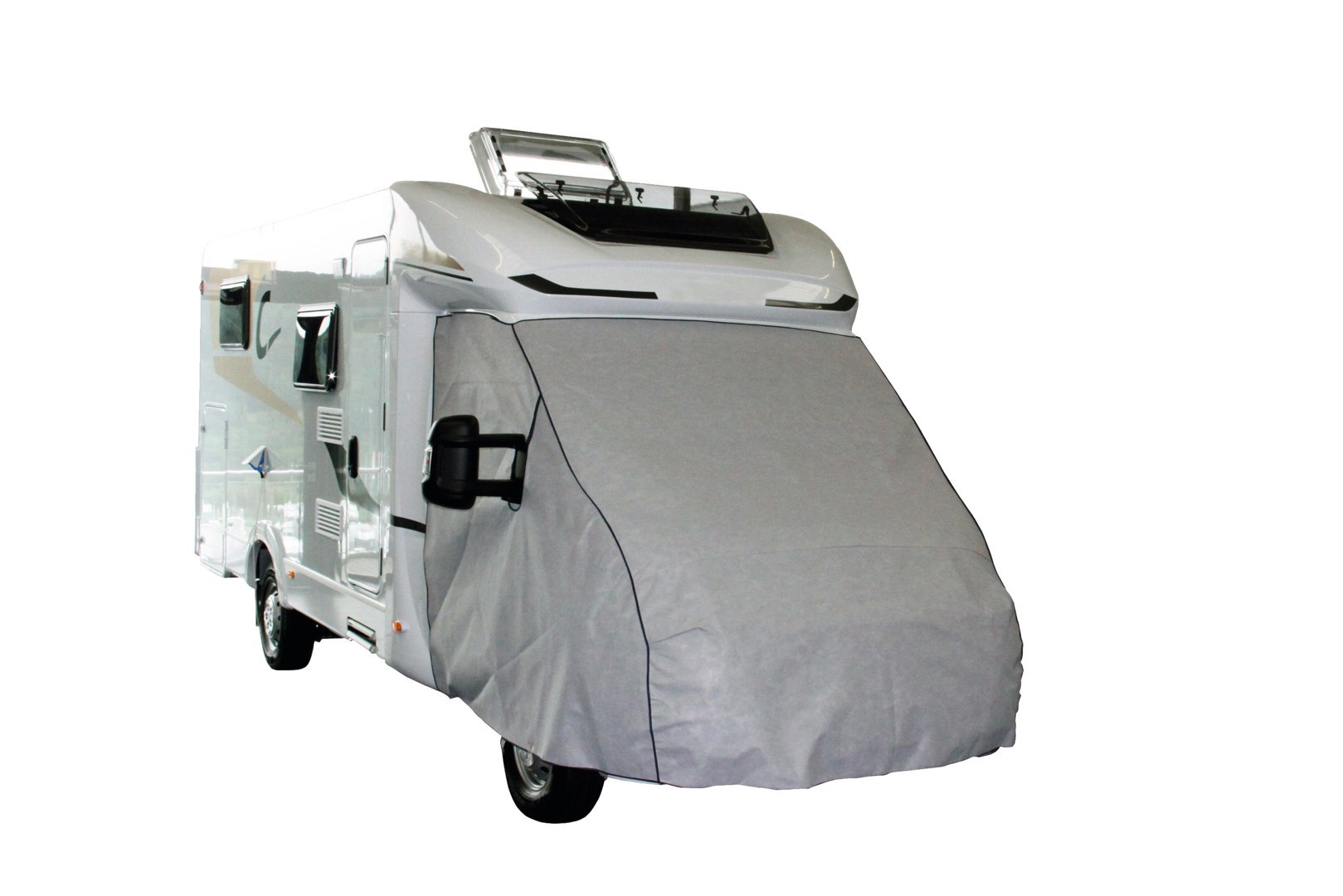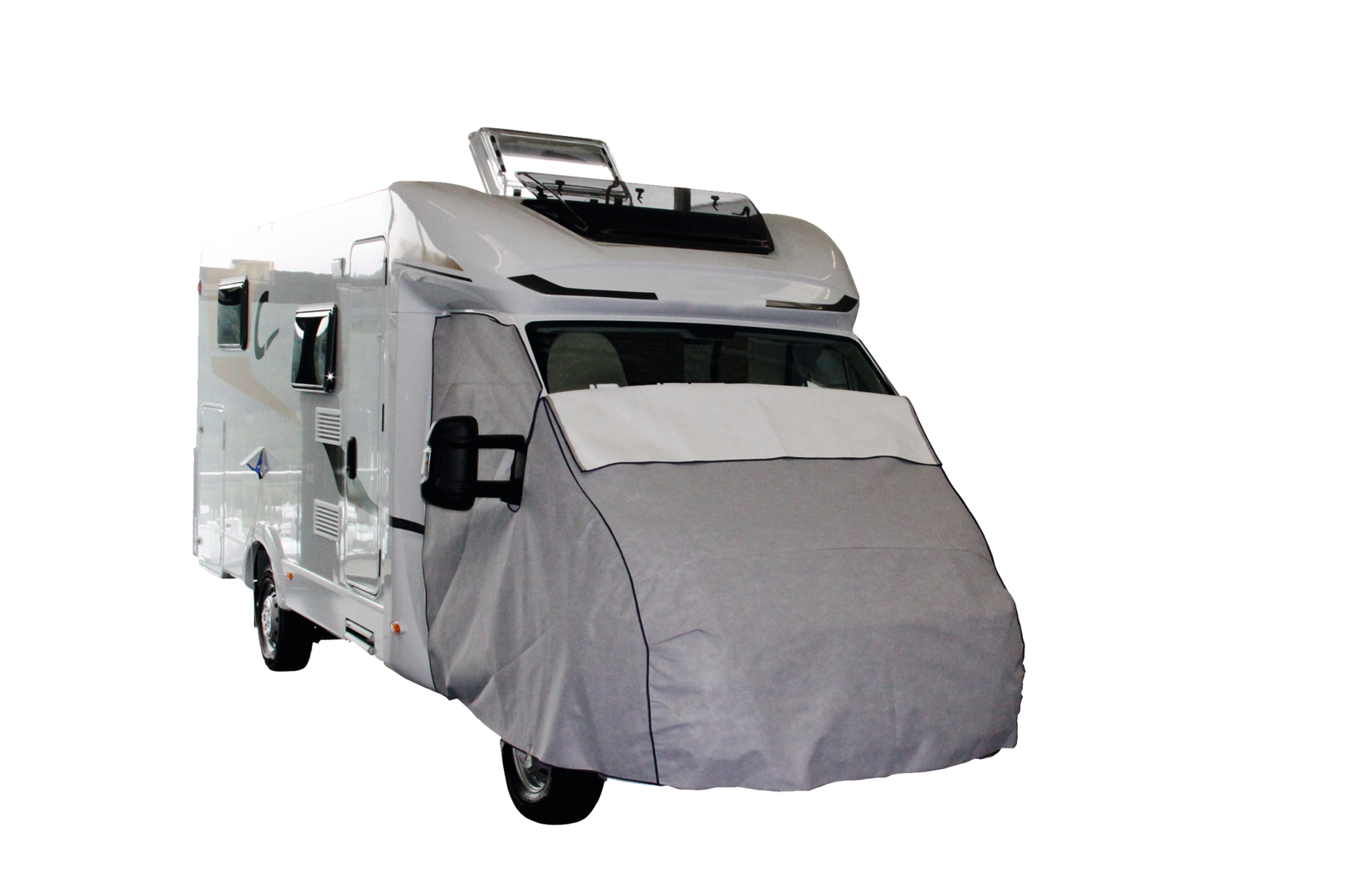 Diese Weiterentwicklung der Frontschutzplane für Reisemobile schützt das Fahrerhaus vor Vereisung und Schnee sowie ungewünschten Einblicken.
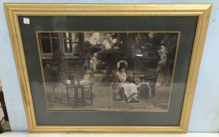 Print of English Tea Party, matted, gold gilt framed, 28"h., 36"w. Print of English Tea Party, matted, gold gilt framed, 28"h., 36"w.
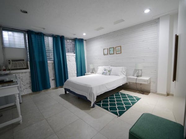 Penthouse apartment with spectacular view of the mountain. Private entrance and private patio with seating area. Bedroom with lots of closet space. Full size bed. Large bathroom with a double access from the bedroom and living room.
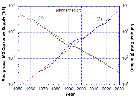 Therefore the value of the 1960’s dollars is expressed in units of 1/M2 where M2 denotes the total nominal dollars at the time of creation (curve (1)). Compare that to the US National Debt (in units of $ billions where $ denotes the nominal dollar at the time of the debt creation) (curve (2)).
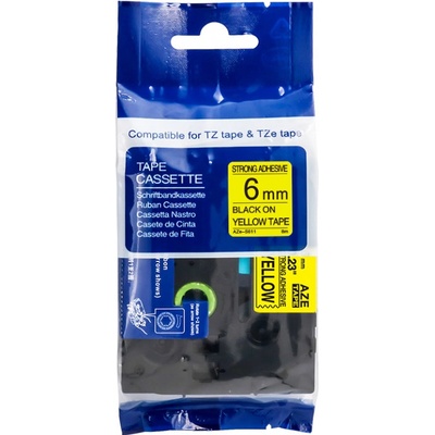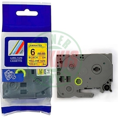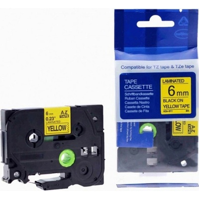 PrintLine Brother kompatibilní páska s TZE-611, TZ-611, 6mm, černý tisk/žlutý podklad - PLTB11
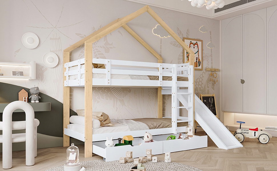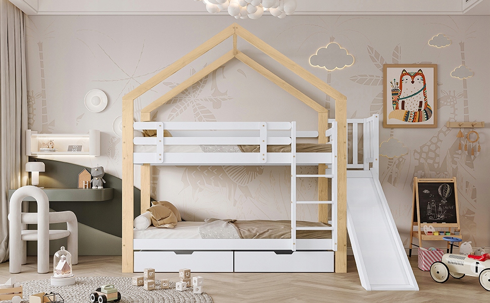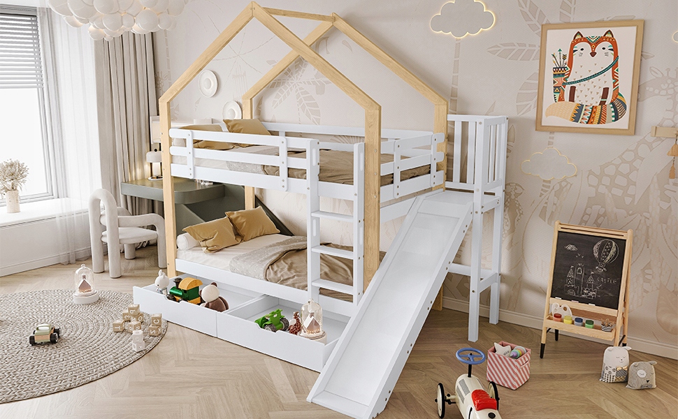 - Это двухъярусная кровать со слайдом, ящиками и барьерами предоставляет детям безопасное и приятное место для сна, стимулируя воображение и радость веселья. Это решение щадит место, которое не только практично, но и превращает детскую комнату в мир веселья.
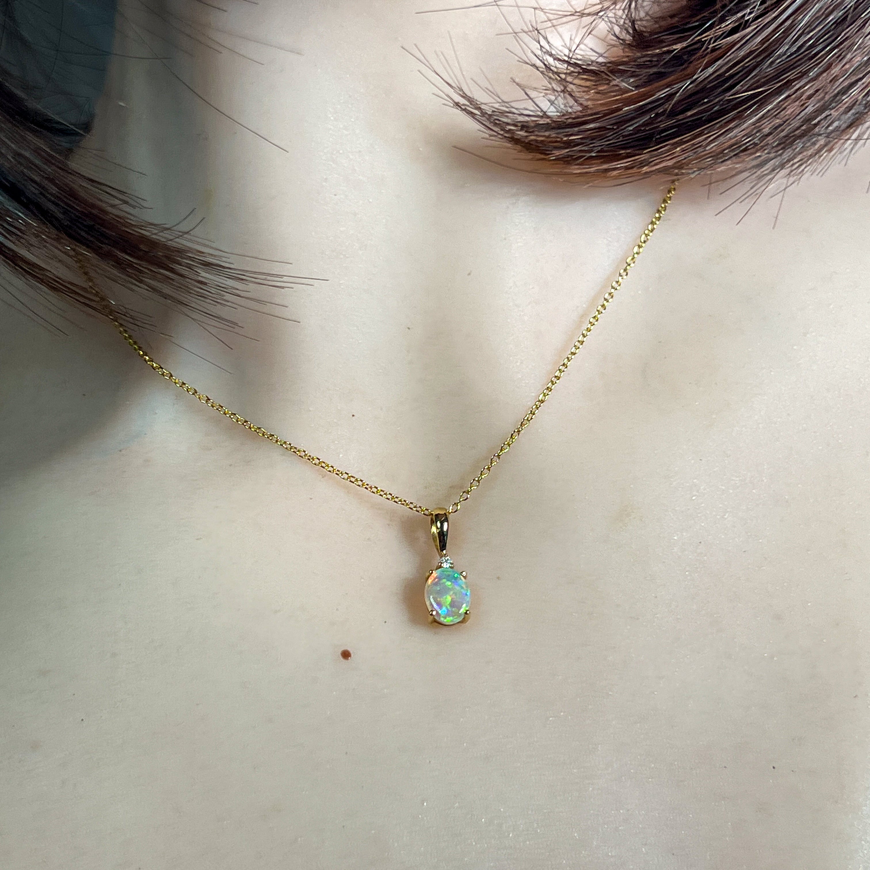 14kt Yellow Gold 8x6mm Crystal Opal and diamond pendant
───
▶ [Task] Exactly the lines from the top of the entries through the line with "Penthouse apartment with", inclusive, must be given again, with every picture omitted.

▶ [Exercise answer]
 Diese Weiterentwicklung der Frontschutzplane für Reisemobile schützt das Fahrerhaus vor Vereisung und Schnee sowie ungewünschten Einblicken.
 Print of English Tea Party, matted, gold gilt framed, 28"h., 36"w. Print of English Tea Party, matted, gold gilt framed, 28"h., 36"w.
 Penthouse apartment with spectacular view of the mountain. Private entrance and private patio with seating area. Bedroom with lots of closet space. Full size bed. Large bathroom with a double access from the bedroom and living room.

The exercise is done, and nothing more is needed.